The BC-SMD effect size does have apparent limitations. For example, the design-related criteria for BC-SMD effect size calculation (e.g., reversal or multiple-baseline designs across multiple participants) can result in the exclusion of otherwise eligible studies. Additionally, there are no benchmarking standards for BC-SMD, thus limiting comparability to Cohen's d. In response to these limitations, general guidance recommends using multiple effect size statistics when conducting meta-analyses for SCRDs to provide a better description of the characteristics of the data for readers (Vannest et al., 2018). We calculated nonoverlap of all pairs (NAP; Parker & Vannest, 2009) in addition to the BC-SMD. NAP is a nonparametric measure that allows for comparisons between baseline and intervention data by scoring whether data points overlap or are the same value between conditions. We calculated all NAP values using an online calculator for single-case-design research (Vannest et al., 2016).
We chose to conduct our meta-analysis of the effect sizes using a random-effects model. Fixed-effect models are appropriate only when there is reason to believe that all studies are functionally identical (Borenstein et al., 2010). This assumption is not met in the present meta-analysis, in which researchers used different training methods to train teachers to use different practices. Therefore, the more appropriate model was a random-effects model that assumes that studies differed in ways that likely impacted the results. This approach also allows for greater generalization of the results (Borenstein et al., 2010)
Efficacy of Training
Next, we conducted a subanalysis to compare studies across five domains of dependent variables that included desirable and undesirable behaviors for both teachers and students. We coded behaviors as desirable or undesirable based on whether the authors intended for the behaviors to increase or decrease following intervention. For teachers, Domain 1 included dependent variables related to teacher-delivered praise (e.g., BSP, number of praise statements). Domain 2 included other desirable dependent variables (e.g., fidelity of implementation, number of precorrections used). Domain 3 included undesirable teacher behaviors (e.g., reprimands, general praise statements).
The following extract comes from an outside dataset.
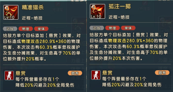 【悬赏】为固有技能,降低对方20%闪避和20%全局免伤;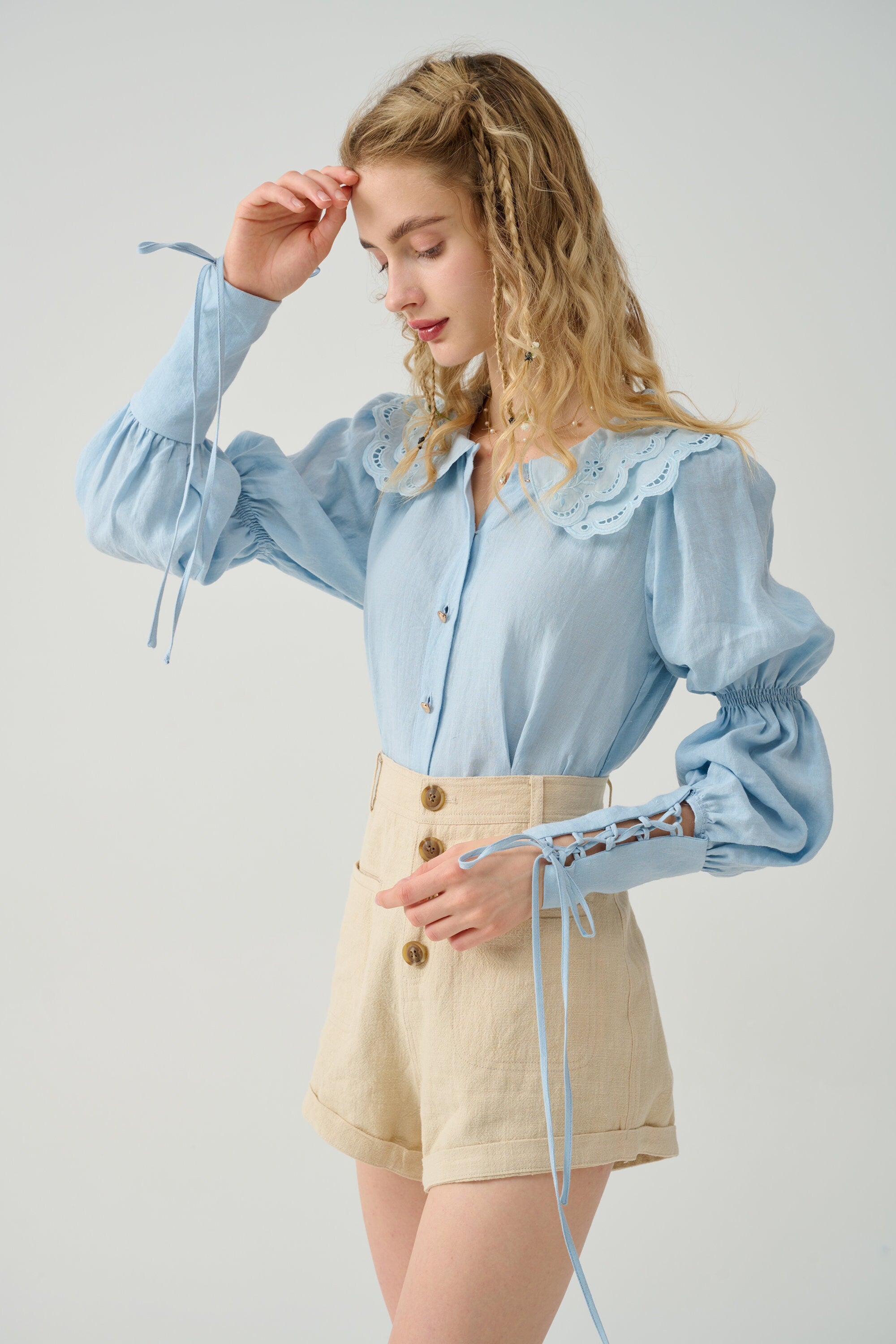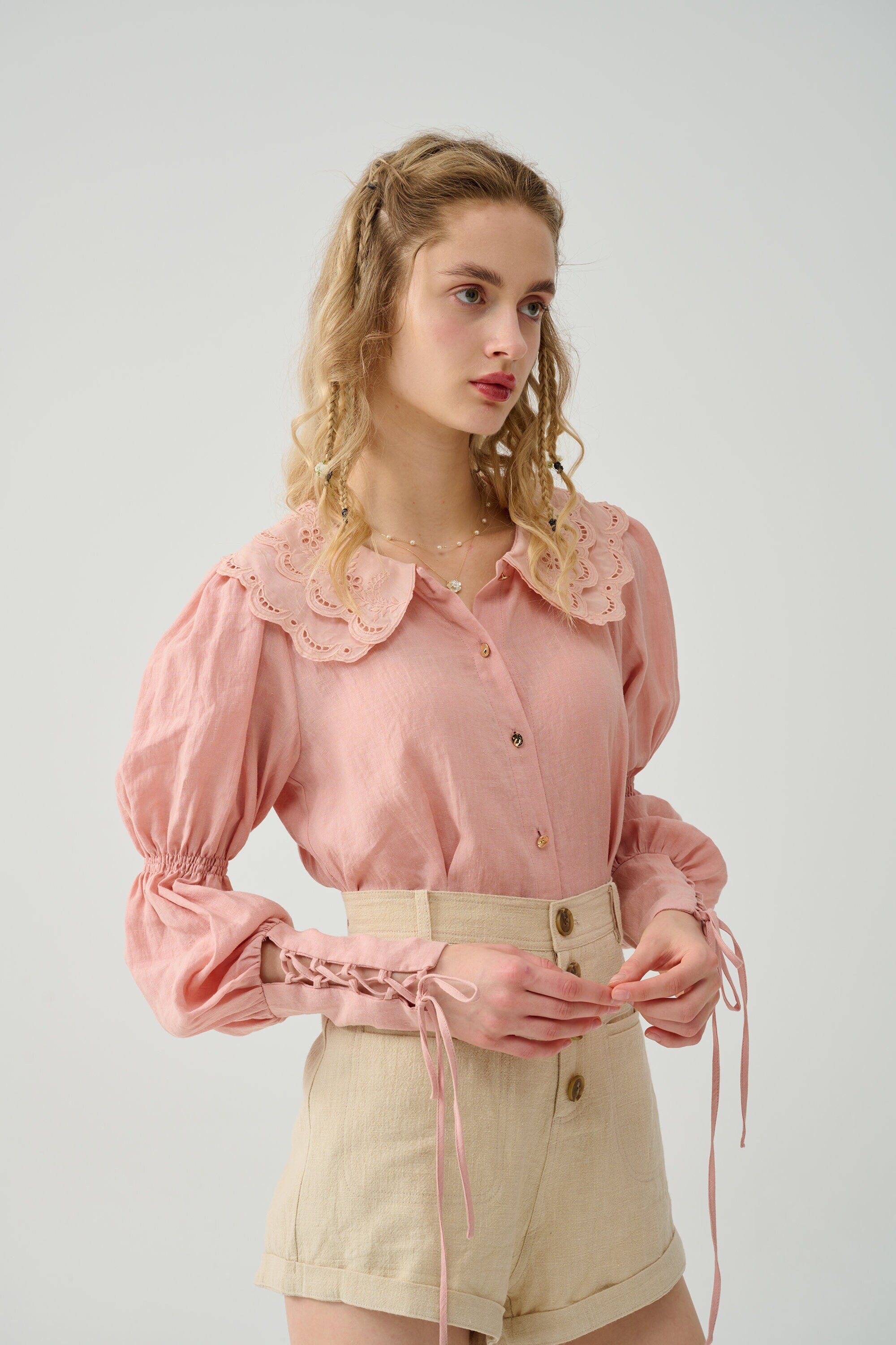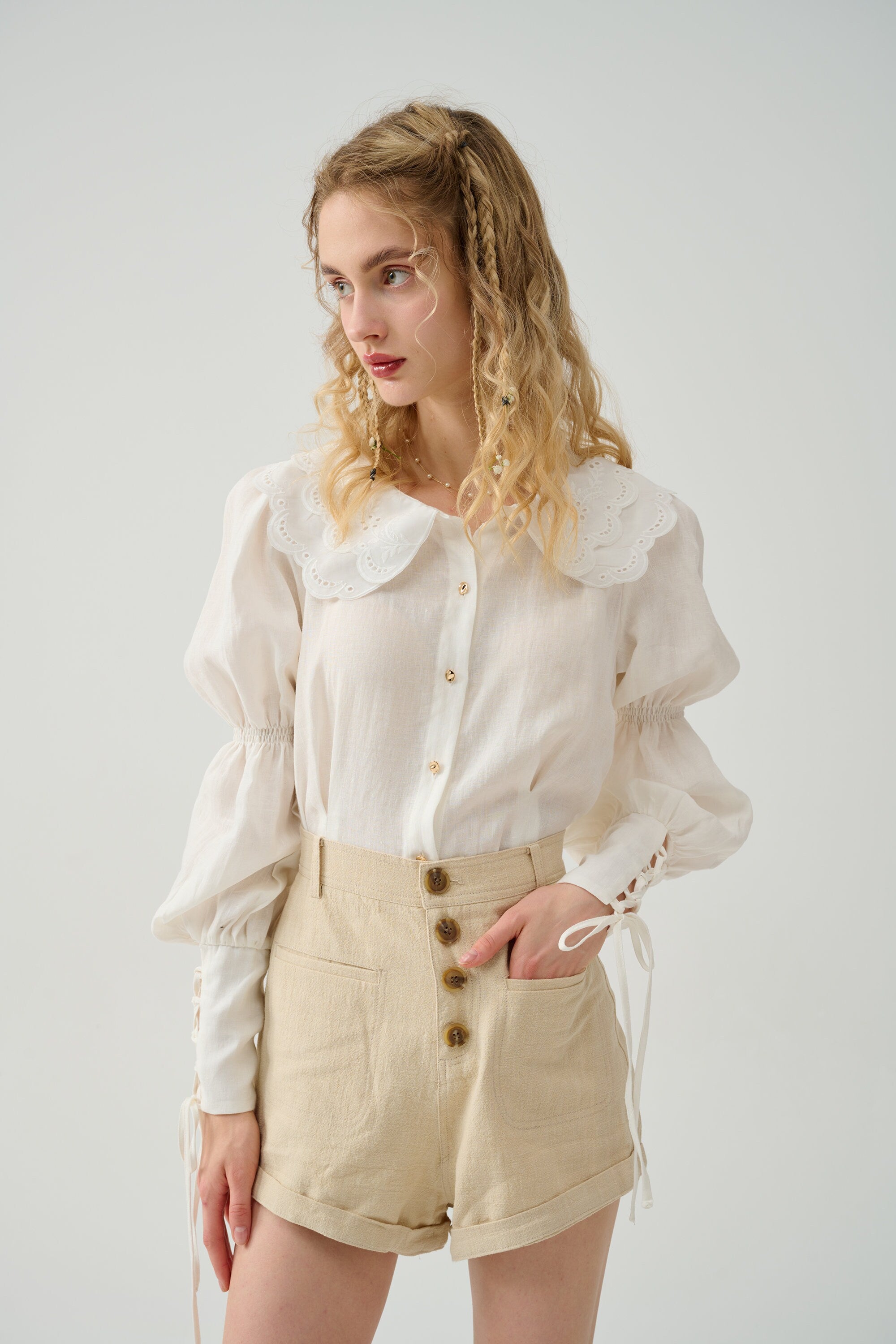 Elastic pleated cotton and linen long-sleeved Off shoulder shirt

For students, we coded one desirable behavior domain (e.g., engagement with academic tasks) and one undesirable behavior domain (e.g., classroom disruptions, being off task).
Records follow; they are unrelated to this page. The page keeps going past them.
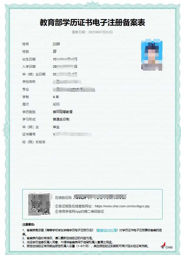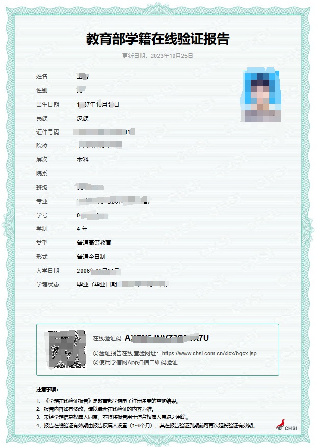 | 《教育部学籍在线验证报告》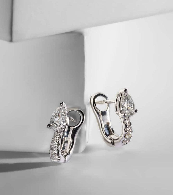 These earrings are made in the USA from 18ct white gold with 0.68ctw and 0.1ctw diamonds. They have a post-back fastening and are for pierced ears. They have a length of 6mm (0.25") and a max width of 3mm (0.1").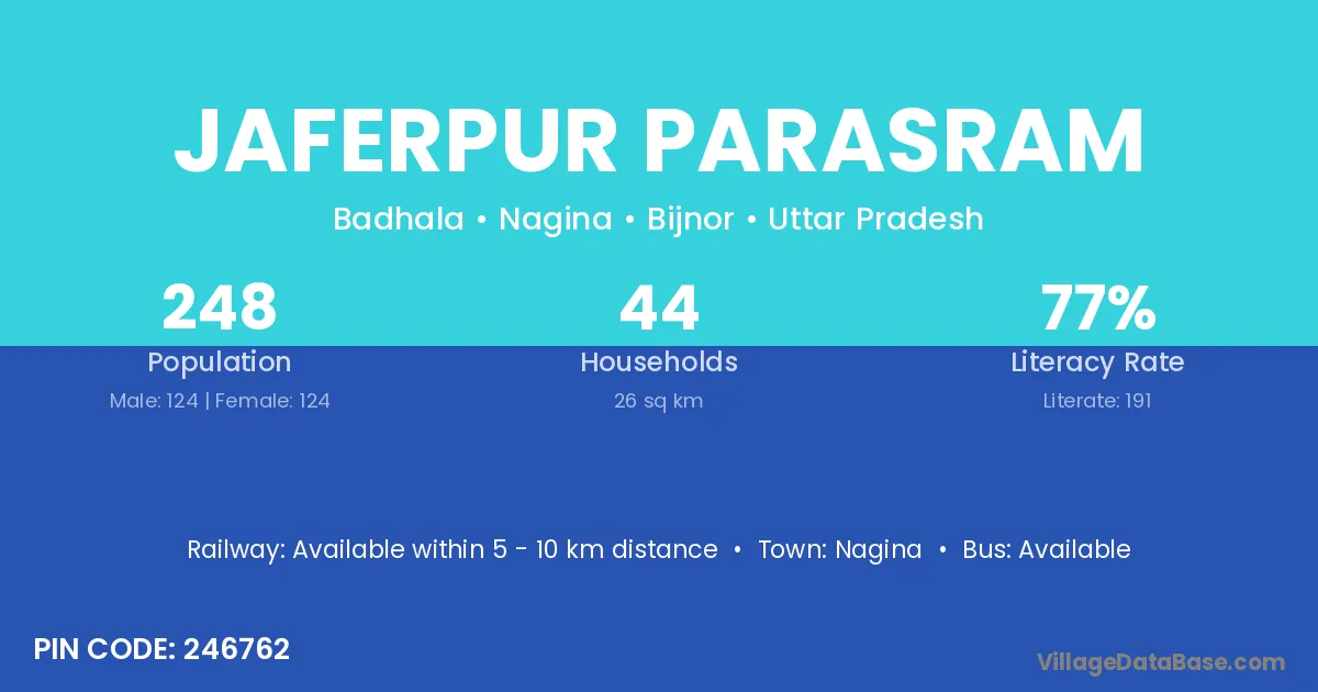 Jaferpur Parasram village has a total population of 248 people, of which 124 are males and 124 are females.

After calculating the BC-SMD effect size by study, we used the “metan” macro in Stata to run a random-effects model to calculate a mean effect size for all studies and by study domain. We then conducted a metaregression using the “metareg” macro in Stata. First, we used a null model to calculate the distribution of effect sizes across studies. Then we ran separate single-predictor models using training strategies, characteristics, implementation context, and study quality indicators as the independent variable and study-level effect sizes as the dependent variable. Finally, in addition to individual moderators, we conducted a follow-up analysis by running a model for studies that incorporated both modeling and feedback compared with studies that did not. Given the combination of modeling and feedback has been theoretically and empirically linked to treatment fidelity in a previous meta-analysis (i.e., Brock et al., 2017), we wanted to see if this finding generalized to training on behavioral support for general educators.
Results
Descriptive Results
Participants
Participant demographic data are provided in Supplemental Table S1. There were 104 general education teacher participants and 912 student participants included in this study set; however, note that only 22 of 26 studies reported the number of student participants. The large number of student participants is reflective of researchers measuring whole-class behaviors. The majority of authors reported training general education teachers to intervene with elementary (K-5) students (n = 22). Authors of 23 studies reported the special education status of student participants. Eleven studies included only general education students, and 14 studies included general and special education students. One study included only special education students. Seventy-one students with disabilities participated in included studies; however, information on specific disability categories of included students was provided for 36 students. The majority of students included in studies were identified as at risk for EBD due to referral for intensive tiers of support or nomination for the study by school-based teams (n = 16). The two categories with the second and third highest numbers of students were attention-deficit hyperactivity disorder (n = 8) and EBD (n = 5).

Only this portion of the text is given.